Und all die Nebeninhalte sind auch nur eine gute Ausrede, um mehr von der bodenständigen und fantastischen Welt zu erkunden, die Square Enix geschaffen hat. Nicht, dass die Erkundung des Spiels etwas wäre, worüber man nach Hause schreiben könnte - selbst in den offeneren Bereichen, die regelmäßig die meist lineare Struktur des Spiels kontrastieren -, aber es gibt keinen Finger, der auf das Aussehen der Welt selbst zeigen könnte. Auf der einen Seite verströmt Final Fantasy XVI eurozentrische, düstere mittelalterliche Fantasy mit Sanbreque und Rosaria, die für Westeuropa stehend, die Iron Kingdom reimt sich auf die britischen Inseln, Waloed sieht aus wie der Norden, während Dhalmekia für das exotische nahöstliche Element steht - allerdings ohne die Kreuzzüge. Es ist auf eine wirklich schmutzige Art und Weise detailliert, aber es gibt Edelsteine im Schlamm zu finden. Final Fantasy XVI hat auch eine klassisch schöne und abenteuerlichere Seite, die einen faszinierenden Kontrast zu den dunklen Wäldern, Dörfern und Festungen bildet. Sanbreque und Crystalline Dominion's Schlösser lassen selbst Neuschwanstein blass aussehen, und Waloeds King Barnabas teilt das Meer biblisch in zwei Teile, aber am abenteuerlichsten von allen sind die riesigen Mutterkristalle. Einer brennt rot wie Feuer, während sich ein anderer wie eine Blume entfaltet, die groß genug ist, um eine Stadt zu beschatten. Ich werde nie das Bild vergessen, wie drei riesige Eikons auf diesem besonderen Kristall zu den Klängen der äußerst erfolgreichen Musik kämpfen, die, passend zur Geschichte der Serie, abwechselnd donnernd episch, melancholisch und sensibel und skurril verspielt ist.

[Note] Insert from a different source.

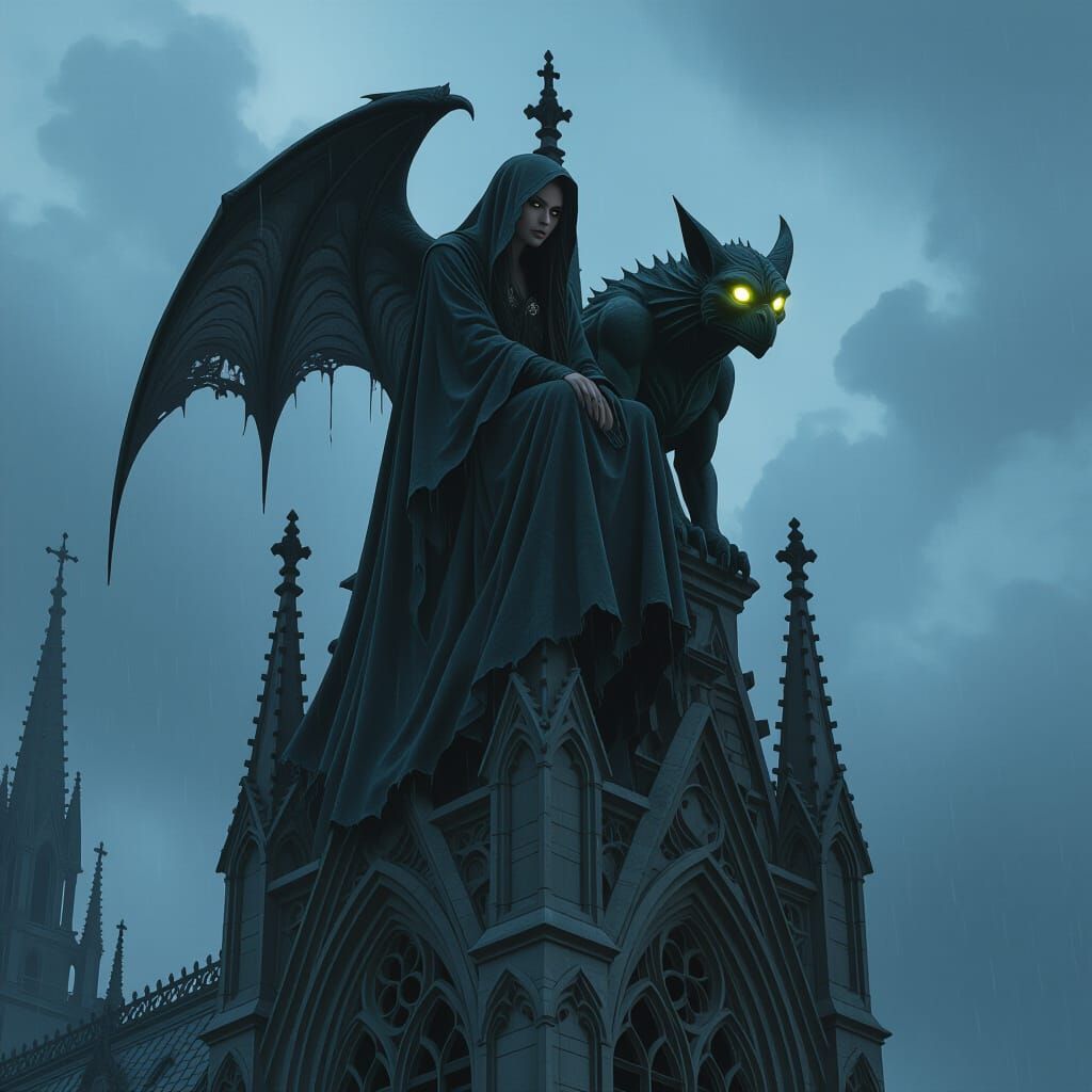 A dramatic digital matte painting of a woman and a gargoyle on a gothic cathedral spire during a stormy night, featuring volumetric lighting and intricate carvings.

Ja, es gibt viel, worüber man sich in Final Fantasy XVI freuen kann, aber das Spiel ist auch nicht ohne Probleme. Der Schwierigkeitsgrad ist manchmal etwas leicht, was das ansonsten hervorragende Kampfsystem tendenziell untergräbt; Das Tempo leidet unter einigen Einbrüchen, die sich etwas frustrierend hinziehen, die Sprachausgabe schwankt ein wenig in der Qualität zum Nachteil der ansonsten meist hervorragenden Charaktere, und selbst im Performance-Modus habe ich gelegentliche Einbrüche in der Framerate erlebt. Dies war jedoch im Kampf selten und nicht schwerwiegend, also kann Square Enix es hoffentlich schnell beheben. Es sollte auch gesagt werden, dass sich das Spiel technisch gesehen unglaublich solide anfühlt und ich während meines Durchspielens keine Abstürze, unberechenbare KI oder sogar grundlegende Clipping-Fehler erlebt habe.
Genau wie The Legend of Zelda und God of War es kürzlich getan haben, gewinnt Final Fantasy, indem es das Regelwerk aus dem Fenster wirft und neu überdenkt, was die Serie in einem modernen Zeitalter sein kann. Während sich sowohl XIII als auch XV zwischen den Welten gefangen fühlten, geht Final Fantasy XVI definitiv den Weg des Actionspiels. Aber es vergisst nicht die Essenz der Serie. Ja, der Ton ist düster und düster und der Stil realistischer, aber das Gemeinschaftsgefühl und die epische Reise sind voll präsent. Und obwohl sich das Kampfsystem auf den ersten Blick ganz anders anfühlt, merkt man mit der Zeit, dass der Rhythmus des Wechsels zwischen billigen Standardangriffen und teureren Spezialangriffen mehr mit den Kampfsystemen von gestern gemeinsam hat, als man zunächst dachte. Außerdem ist es etwas Erstaunliches, im Jahr 2023 ein gigantisches AAA-Spiel zu spielen, das nicht versucht, alles zu umfassen, sondern ganz auf relativ wenige Kernelemente setzt. Dies ist vielleicht nicht das Final Fantasy meiner Kindheit, aber es ist das richtige Final Fantasy für 2023.